>>>>>

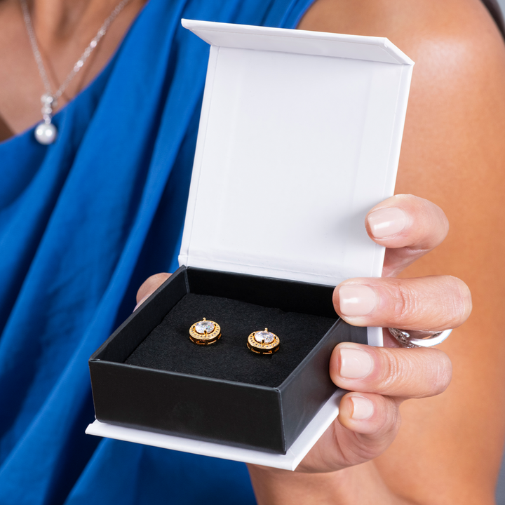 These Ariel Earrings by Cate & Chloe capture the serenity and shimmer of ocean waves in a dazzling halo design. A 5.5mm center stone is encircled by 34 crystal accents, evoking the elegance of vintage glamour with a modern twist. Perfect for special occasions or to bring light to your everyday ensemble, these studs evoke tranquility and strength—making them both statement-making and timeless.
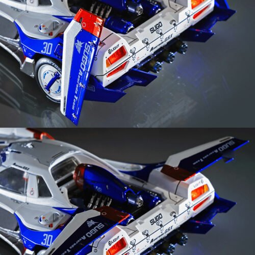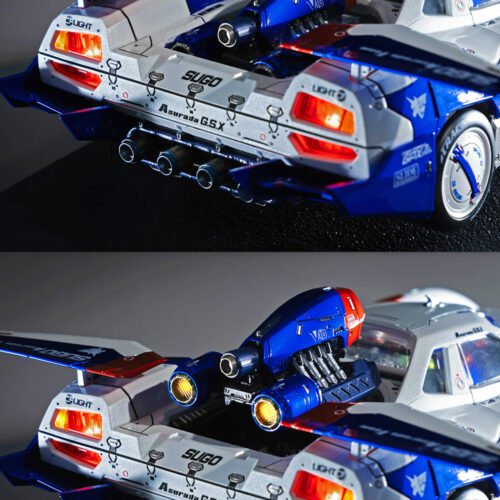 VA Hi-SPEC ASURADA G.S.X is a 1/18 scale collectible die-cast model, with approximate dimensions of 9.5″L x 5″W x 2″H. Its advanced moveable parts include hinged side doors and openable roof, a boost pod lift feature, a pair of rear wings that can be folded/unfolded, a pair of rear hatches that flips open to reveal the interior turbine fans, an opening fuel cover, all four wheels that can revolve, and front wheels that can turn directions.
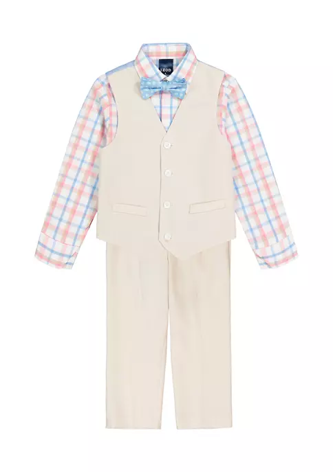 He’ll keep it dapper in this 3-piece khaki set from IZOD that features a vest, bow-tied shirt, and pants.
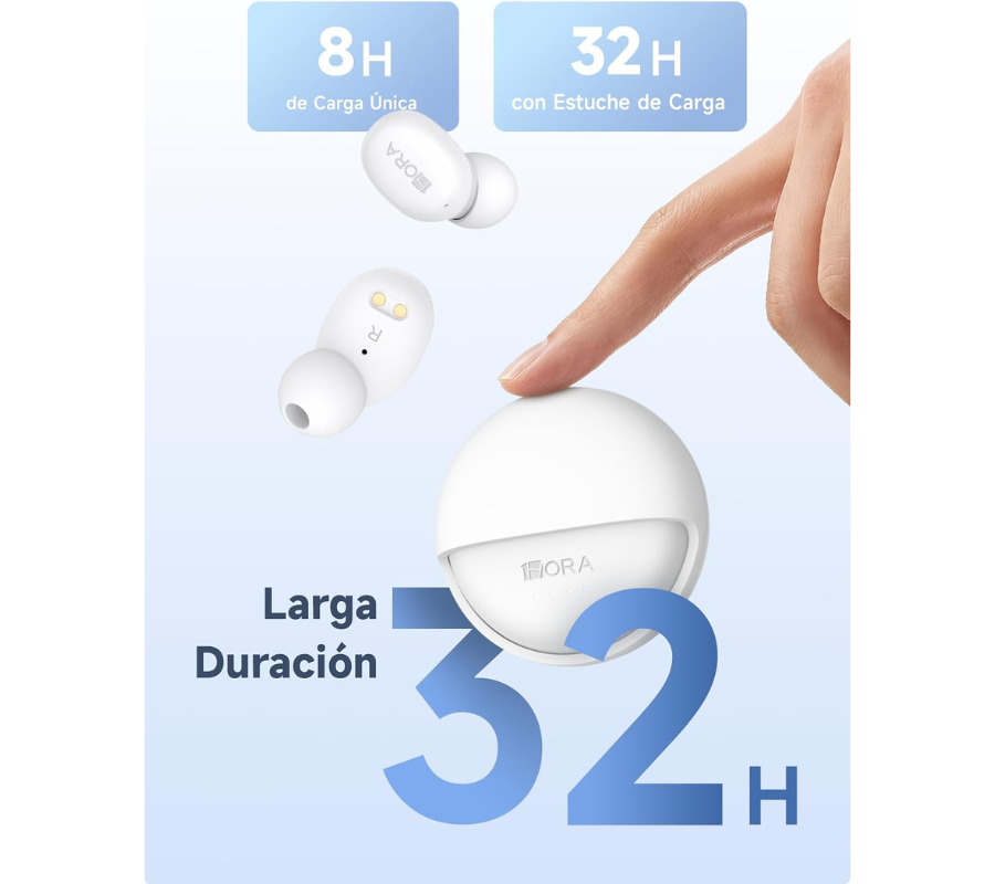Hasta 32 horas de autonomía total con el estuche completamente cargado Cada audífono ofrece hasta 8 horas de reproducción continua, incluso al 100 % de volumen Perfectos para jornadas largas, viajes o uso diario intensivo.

<<<<<
>>>>>

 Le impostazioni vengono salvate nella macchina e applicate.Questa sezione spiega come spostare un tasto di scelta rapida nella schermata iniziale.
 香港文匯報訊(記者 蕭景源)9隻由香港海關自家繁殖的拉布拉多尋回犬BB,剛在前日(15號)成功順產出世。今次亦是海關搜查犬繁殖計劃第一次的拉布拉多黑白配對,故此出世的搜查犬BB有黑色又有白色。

<<<<<
>>>>>

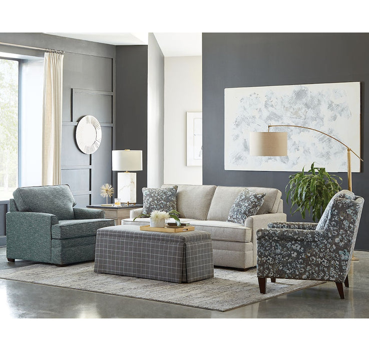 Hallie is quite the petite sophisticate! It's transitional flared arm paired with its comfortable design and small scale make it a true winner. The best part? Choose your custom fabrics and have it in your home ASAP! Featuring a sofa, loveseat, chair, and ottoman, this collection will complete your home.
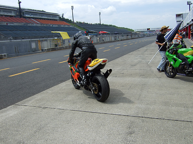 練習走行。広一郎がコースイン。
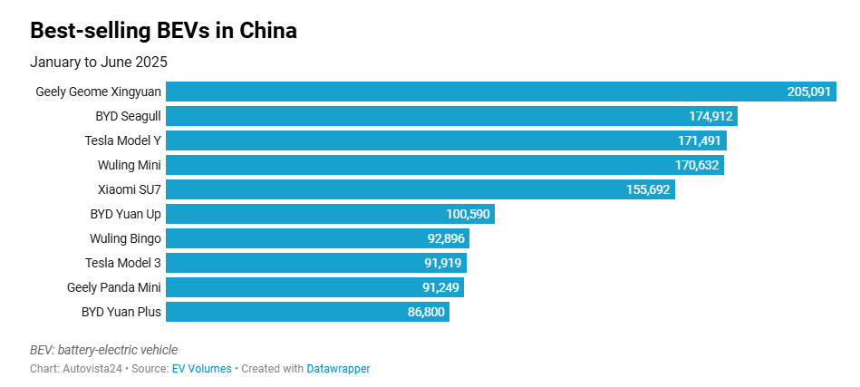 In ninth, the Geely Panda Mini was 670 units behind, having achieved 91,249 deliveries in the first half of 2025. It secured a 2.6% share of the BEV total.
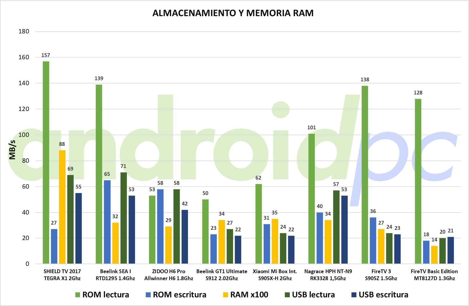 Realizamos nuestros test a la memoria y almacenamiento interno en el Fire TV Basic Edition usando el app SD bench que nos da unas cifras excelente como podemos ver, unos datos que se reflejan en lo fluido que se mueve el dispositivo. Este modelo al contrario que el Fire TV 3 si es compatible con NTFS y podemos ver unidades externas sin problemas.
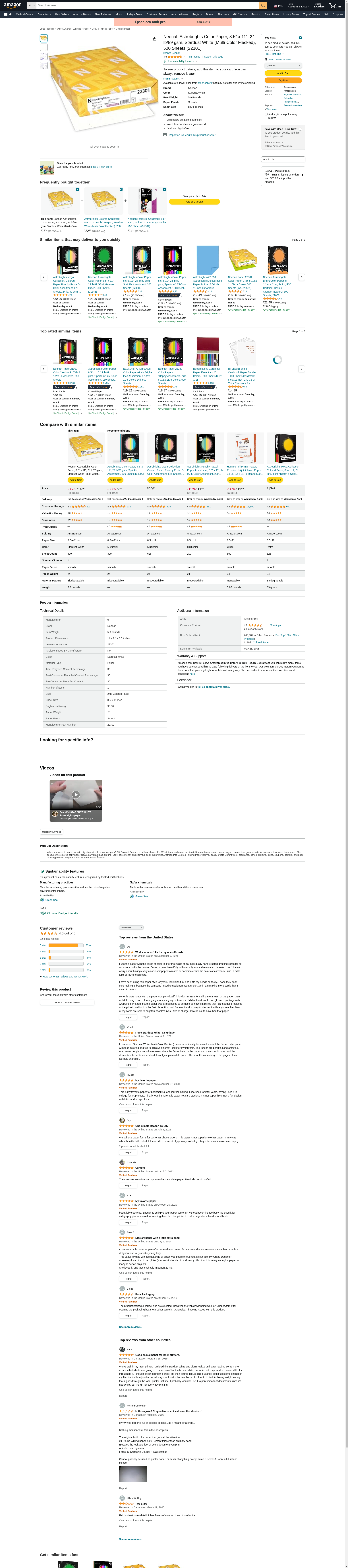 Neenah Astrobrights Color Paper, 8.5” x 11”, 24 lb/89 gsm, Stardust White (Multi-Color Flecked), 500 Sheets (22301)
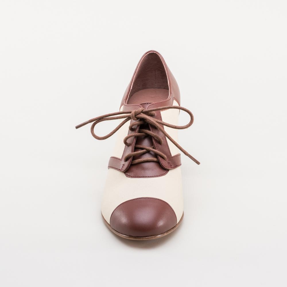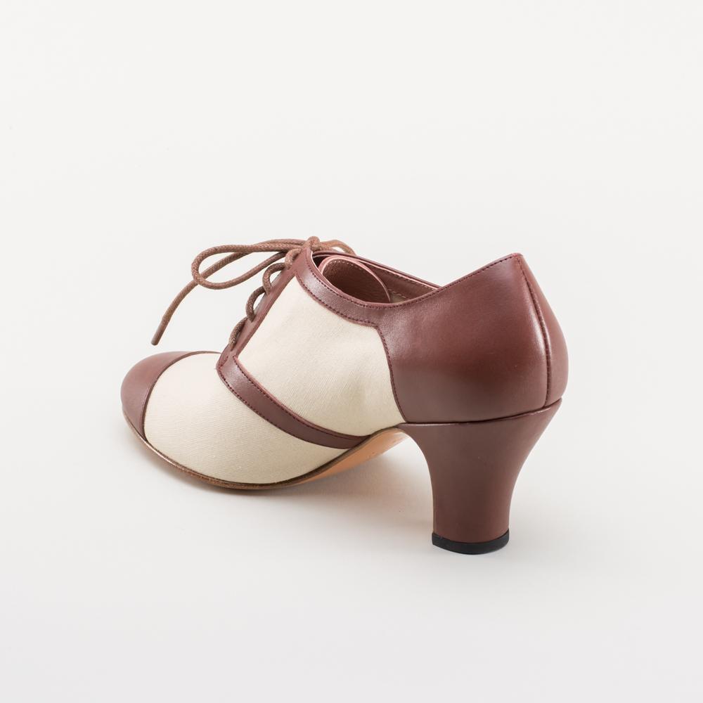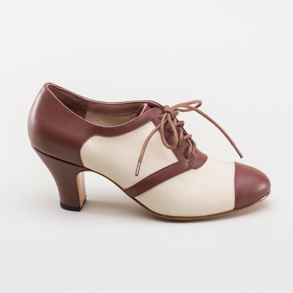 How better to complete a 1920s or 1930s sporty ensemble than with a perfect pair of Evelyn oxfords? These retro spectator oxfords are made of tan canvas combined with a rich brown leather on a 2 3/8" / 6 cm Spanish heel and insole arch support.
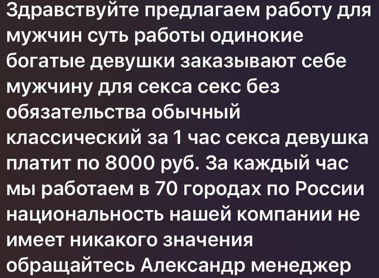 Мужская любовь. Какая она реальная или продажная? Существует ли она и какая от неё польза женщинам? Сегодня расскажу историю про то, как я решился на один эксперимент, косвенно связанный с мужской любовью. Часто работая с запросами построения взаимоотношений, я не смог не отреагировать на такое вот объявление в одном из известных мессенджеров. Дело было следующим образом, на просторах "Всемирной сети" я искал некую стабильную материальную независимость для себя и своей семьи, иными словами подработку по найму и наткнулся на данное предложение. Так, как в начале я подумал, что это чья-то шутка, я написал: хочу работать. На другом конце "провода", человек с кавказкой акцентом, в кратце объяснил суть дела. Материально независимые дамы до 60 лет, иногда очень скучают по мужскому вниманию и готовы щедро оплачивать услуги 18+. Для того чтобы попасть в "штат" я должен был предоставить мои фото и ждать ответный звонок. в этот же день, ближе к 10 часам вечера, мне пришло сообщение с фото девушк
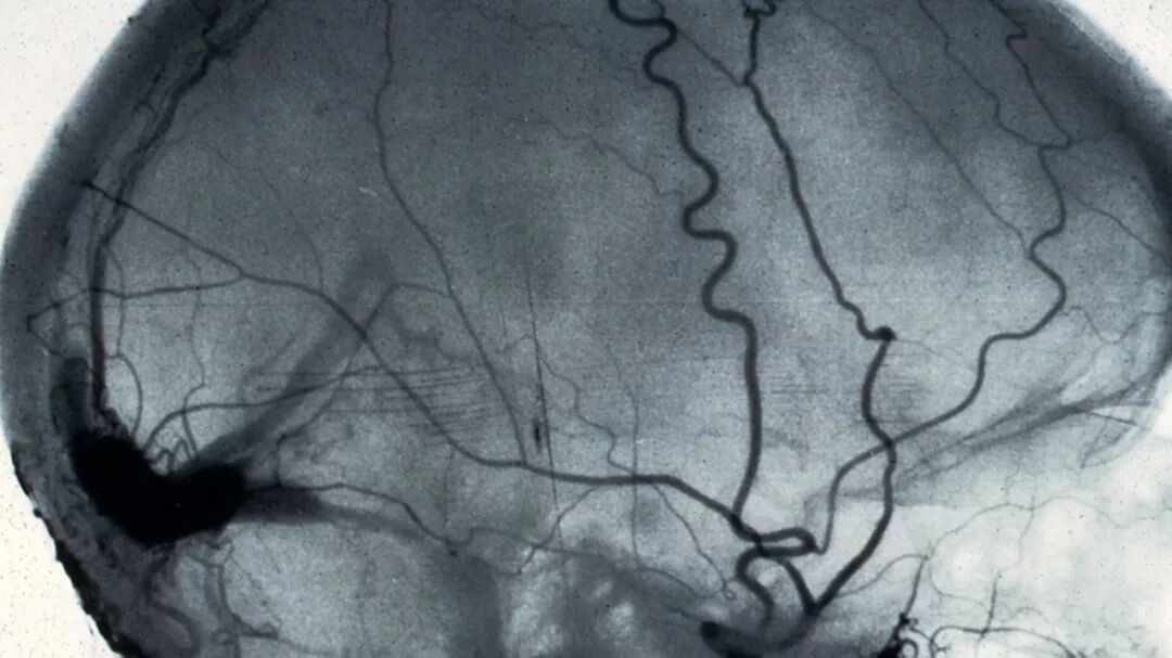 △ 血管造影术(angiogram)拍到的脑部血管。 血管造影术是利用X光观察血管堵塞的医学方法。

<<<<<

# Assigned task
From the records above, output only the lines starting at the one containing "練習走行。広一郎がコースイン。" and ending at the one containing "Realizamos nuestros test", word for word. Pictures stay out.

# Solution for this problem
 練習走行。広一郎がコースイン。
 In ninth, the Geely Panda Mini was 670 units behind, having achieved 91,249 deliveries in the first half of 2025. It secured a 2.6% share of the BEV total.
 Realizamos nuestros test a la memoria y almacenamiento interno en el Fire TV Basic Edition usando el app SD bench que nos da unas cifras excelente como podemos ver, unos datos que se reflejan en lo fluido que se mueve el dispositivo. Este modelo al contrario que el Fire TV 3 si es compatible con NTFS y podemos ver unidades externas sin problemas.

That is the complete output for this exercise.